Наиболее важным фактором является Up_sale, который описывает, является ли продажа обновлением существующего продукта или нет. Интуитивно это имеет смысл. Гораздо проще убедить кого-то, кому вы уже продали что-то (например, базовую версию программного обеспечения), обновить его, чем убедить кого-то, с кем вы никогда раньше не встречались, купить что-то.



Нажав на Up_sale, мы увидим, что это действительно так, поэтому апселлинг - это такая отличная стратегия: он с большей вероятностью сработает, чем закрытие «холодного» лида.

Еще один ключевой фактор - Product. Вникнув в детали, мы видим, что у некоторых продуктов коэффициент конверсии выше, чем у других, что также имеет интуитивный смысл. Практически в любой компании, выпускающей много продуктов, одни продукты будут любимы и рекомендованы многими, в то время как другие не достигнут успеха.

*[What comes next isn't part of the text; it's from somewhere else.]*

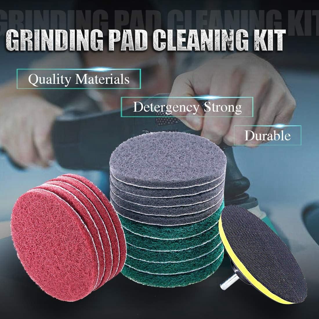 3, With 3 Kinds Grit Pads - We provide three different Grit Pads to meet your different cleaning needs; green Pads (8698#) are harder and thicker than red Pad (7447#)) and brown Pad (7447C#). Brown Pads are second only to green ones in stiffness, and red Pads are soft enough to clean glass shower doors without any scratches.

Говорят, что хороший продавец может «продать лед эскимосу», но лучше, если продукт будет просто отличным предложением.

Следующим по важности фактором является Client, или просто, является ли клиент новым или текущим клиентом. Это похоже на Up_sale, поскольку у вас есть определенные отношения с гораздо большей вероятностью конверсии.

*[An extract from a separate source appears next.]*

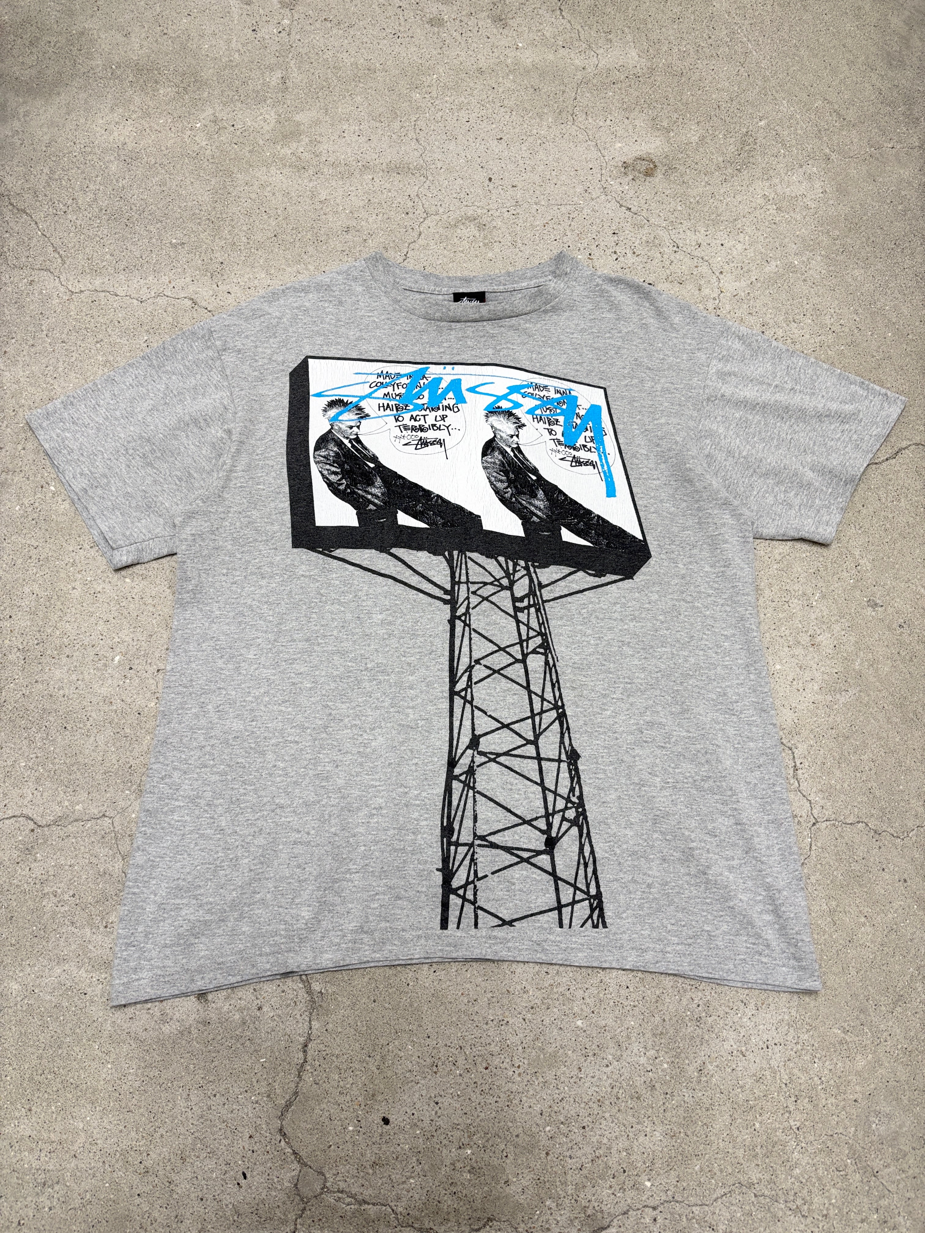00~10s STUSSY/Crazy Hair Tee/L/フォトプリントTシャツ/ロゴプリント/ストックロゴ/グレ-/ステューシー/吹き出しフォント/古着/ア―カイブ

Seller относится к продавцу. Продавцы с большим опытом, более глубокими знаниями о продукте, более тесными отношениями с отраслью или просто большим количеством талантов с большей вероятностью заключат сделки. На самом деле нет никаких универсальных идей, которые можно было бы извлечь из этих конкретных данных о продавце, кроме как нанять хороших продавцов.

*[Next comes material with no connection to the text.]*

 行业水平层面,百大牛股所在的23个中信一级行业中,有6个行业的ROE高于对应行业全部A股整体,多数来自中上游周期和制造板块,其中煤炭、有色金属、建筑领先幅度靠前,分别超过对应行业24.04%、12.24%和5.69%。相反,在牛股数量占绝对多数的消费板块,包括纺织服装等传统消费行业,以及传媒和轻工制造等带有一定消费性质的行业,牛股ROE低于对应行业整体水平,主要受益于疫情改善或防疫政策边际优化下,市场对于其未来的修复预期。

Competitors - есть ли известные конкуренты в отношении этого лидерства. Как вы, возможно, догадались, у потенциальных клиентов без конкурентов гораздо больше шансов конвертироваться, но разница поразительная. В сделках с конкурентами процент выигрышей составлял около 20%, а в сделках без конкурентов - около 67%.

Наконец, давайте взглянем на Source (я не буду подробно останавливаться на всех 22 атрибутах, поэтому проверьте остальные, загрузив данные в Apteo).

Обратите внимание: поскольку существует много разных источников, количество экземпляров для каждой категории не так велико, поэтому мы не обязательно можем делать строгие суждения на основе этих данных.

Тем не менее, мы видим, что лиды из direct mail источников имели 100% процент проигрышей при 16 потерях, а лиды из referral источников имели 100% выигрыш при 13 победах. Если вам нужно было расставить приоритеты между двумя лидами, выбор очевиден.

Понимание на практике

Вооружившись этими идеями, пора применить их на практике и создать механизм продаж, основанный на данных.

Во-первых, мы можем легко предсказать, будет ли новая сделка выиграна или проиграна, и соответственно расставить приоритеты. Затем мы могли бы присвоить «баллы за лидерство» на основе вероятности заключения сделки.

Например, мы знаем, что текущие клиенты с дополнительными продажами, у которых нет конкурентов и которые изначально были привлечены по рекомендации, имеют очень высокую вероятность быть закрытыми, в то время как новые потенциальные клиенты с конкурентами, полученные из прямой почтовой рассылки и с помощью «решения» тип проекта имеет низкую вероятность быть закрытым.

Теперь можно соответственно расставить приоритеты для времени и усилий продавцов.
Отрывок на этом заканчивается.